Data shown START
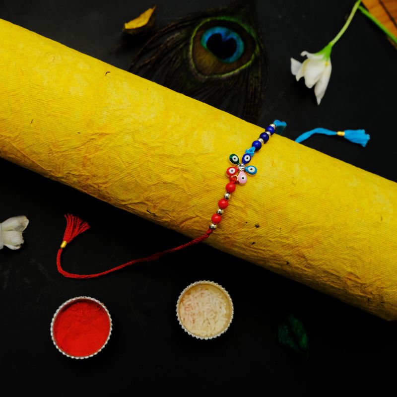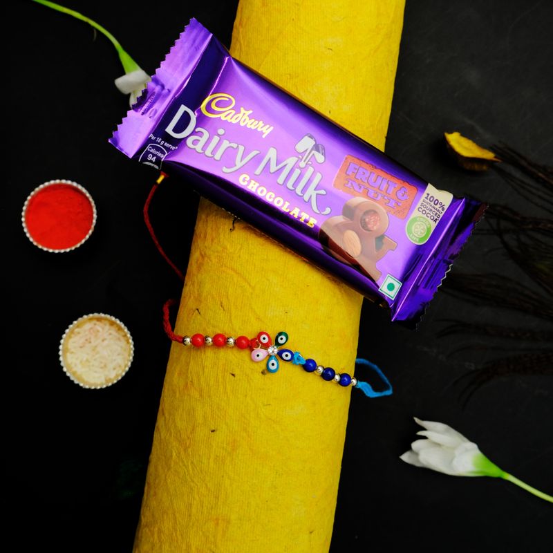 Embrace the charm of the Mystical Gaze Rakhi with Dairy Milk, a vibrant symbol of protection adorned with the traditional evil eye motif. This colourful rakhi is paired with delicious Dairy Milk chocolates, making it a delightful gift for your beloved brother.
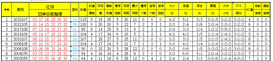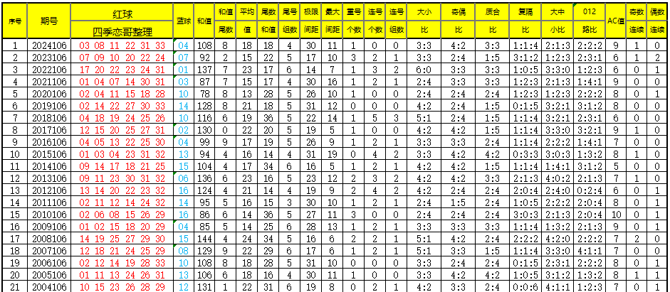 附:2003年起每年106期开奖号各类数据及9月14日同期开奖号各类数据,供大家参考!大佬和彩友们速速拿走~
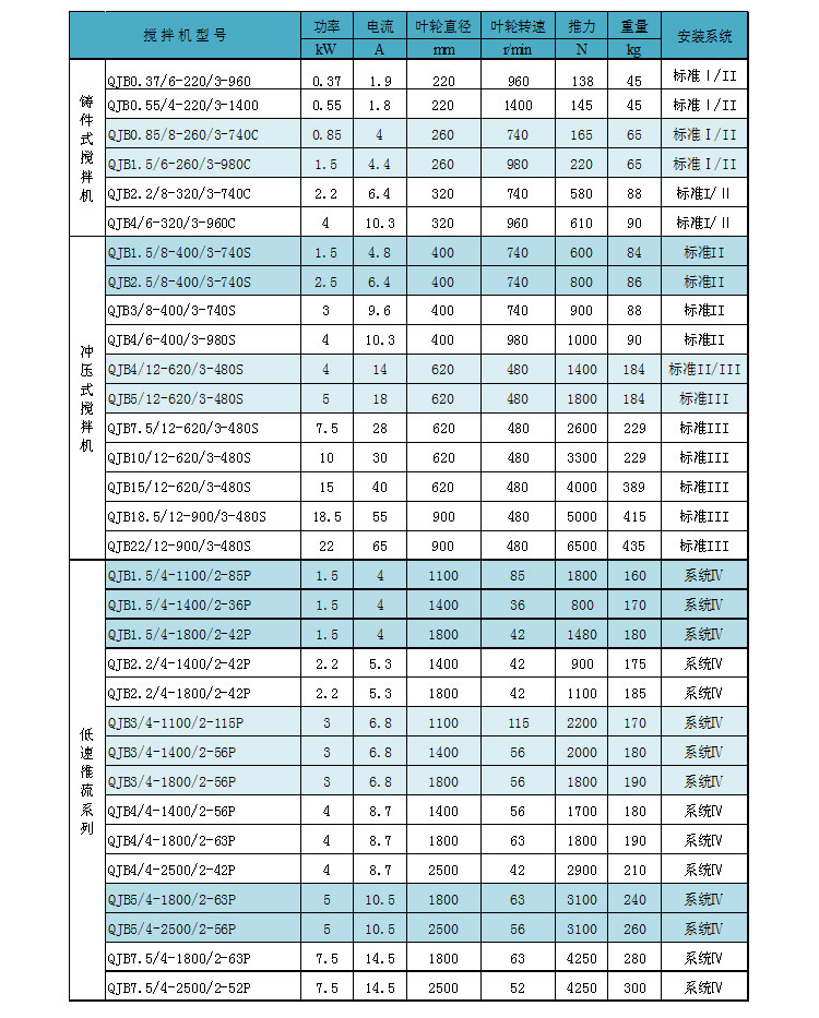产品简介: 潜水搅拌机是经过如克多年的实践摸索,因其在形式、结构和试验方法上的创新,使得潜水搅拌机总体性能达到较好价比,提升对污水混合效果,主要用于污水处理厂的工艺流程中推进搅拌含有悬浮物的污水、稀泥浆、工业过程液体等,创建水流,加强搅拌功能,防止污泥沉淀,是市政和工业污水处理工艺流程上固、液、气三相介质均匀混合反应的设备。 QJB 型潜水搅拌机可分为混合搅拌和低速推流两大系列。 混合系列搅拌机适用于污水处理厂和工业流程中搅拌曝气池和厌氧池,可用池中水循环、悬浮物及硝化、脱氮和除磷阶段创建水流; 低速推流系列搅拌机适用于工业和城市污水处理厂曝气池,其产生低切向流的强力水流,可用于循环及硝化、脱氮和除磷阶段创建水流等。
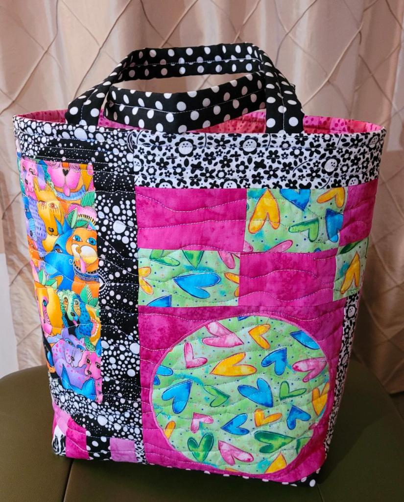 This next bag was made by Diane Rossy. She entered it in the fair and took first place!!! How cool is that? I just love her fun and vibrant fabrics! And you know I love that graphic black and white fabric! what a fun, really fun award winning bag!
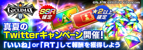 G1 CLIMAX 32 開催記念として、Twitter連動の新日SS内で1,500ダイヤやSSR確定パートナースカウトチケットなどが交換できるキャンペーンを開催中。
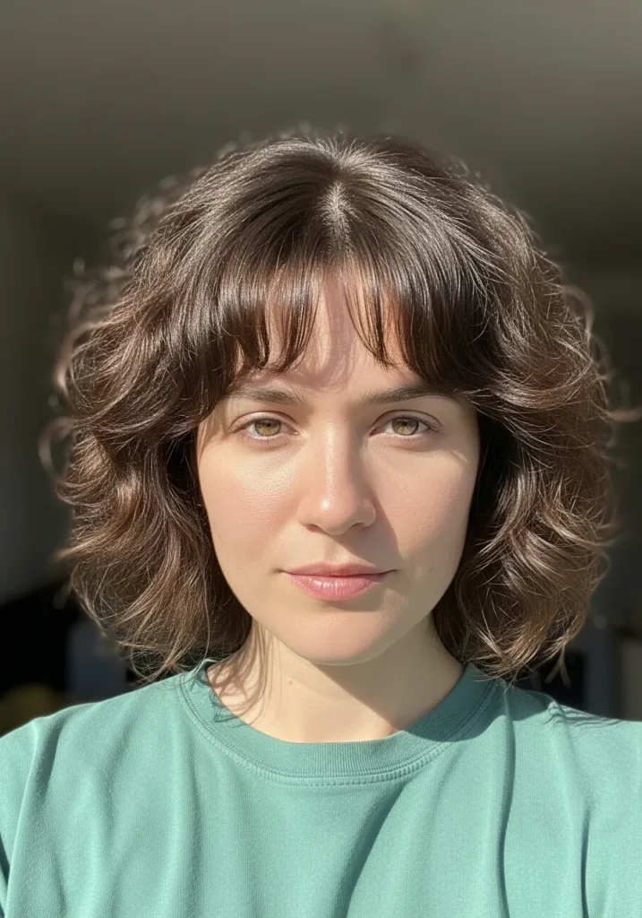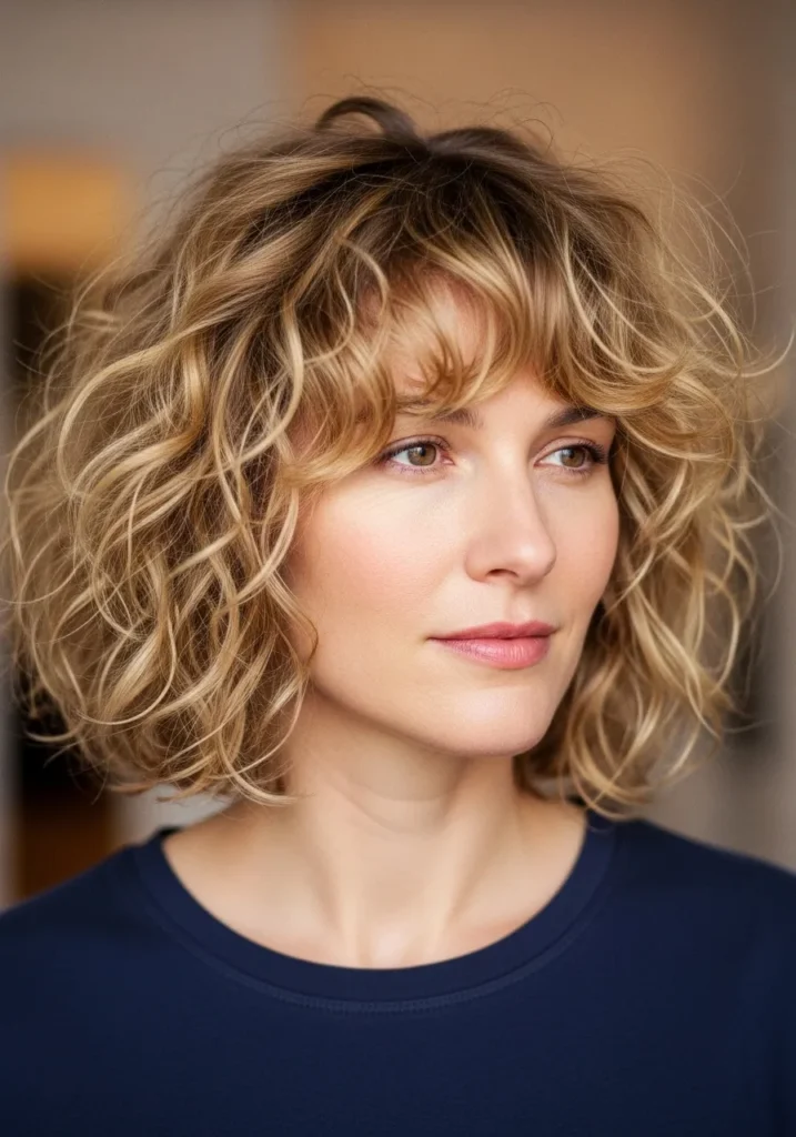 Soft Tousled Curly Bob With Wispy Fringe
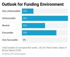 When reflecting on their own organisation’s experience over the past year, more respondents rate conditions as moderate (55%), fewer report significant difficulties (35%), and a handful find operations relatively smooth (10%). This suggests that while structural barriers are broadly felt, some think tanks are better equipped to manage them.
Data shown END
**Task:** Pictures in the records above are to be left out of an otherwise exact copy.

**Answer box:**
 Embrace the charm of the Mystical Gaze Rakhi with Dairy Milk, a vibrant symbol of protection adorned with the traditional evil eye motif. This colourful rakhi is paired with delicious Dairy Milk chocolates, making it a delightful gift for your beloved brother.
 附:2003年起每年106期开奖号各类数据及9月14日同期开奖号各类数据,供大家参考!大佬和彩友们速速拿走~
产品简介: 潜水搅拌机是经过如克多年的实践摸索,因其在形式、结构和试验方法上的创新,使得潜水搅拌机总体性能达到较好价比,提升对污水混合效果,主要用于污水处理厂的工艺流程中推进搅拌含有悬浮物的污水、稀泥浆、工业过程液体等,创建水流,加强搅拌功能,防止污泥沉淀,是市政和工业污水处理工艺流程上固、液、气三相介质均匀混合反应的设备。 QJB 型潜水搅拌机可分为混合搅拌和低速推流两大系列。 混合系列搅拌机适用于污水处理厂和工业流程中搅拌曝气池和厌氧池,可用池中水循环、悬浮物及硝化、脱氮和除磷阶段创建水流; 低速推流系列搅拌机适用于工业和城市污水处理厂曝气池,其产生低切向流的强力水流,可用于循环及硝化、脱氮和除磷阶段创建水流等。
 This next bag was made by Diane Rossy. She entered it in the fair and took first place!!! How cool is that? I just love her fun and vibrant fabrics! And you know I love that graphic black and white fabric! what a fun, really fun award winning bag!
 G1 CLIMAX 32 開催記念として、Twitter連動の新日SS内で1,500ダイヤやSSR確定パートナースカウトチケットなどが交換できるキャンペーンを開催中。
 Soft Tousled Curly Bob With Wispy Fringe
 When reflecting on their own organisation’s experience over the past year, more respondents rate conditions as moderate (55%), fewer report significant difficulties (35%), and a handful find operations relatively smooth (10%). This suggests that while structural barriers are broadly felt, some think tanks are better equipped to manage them.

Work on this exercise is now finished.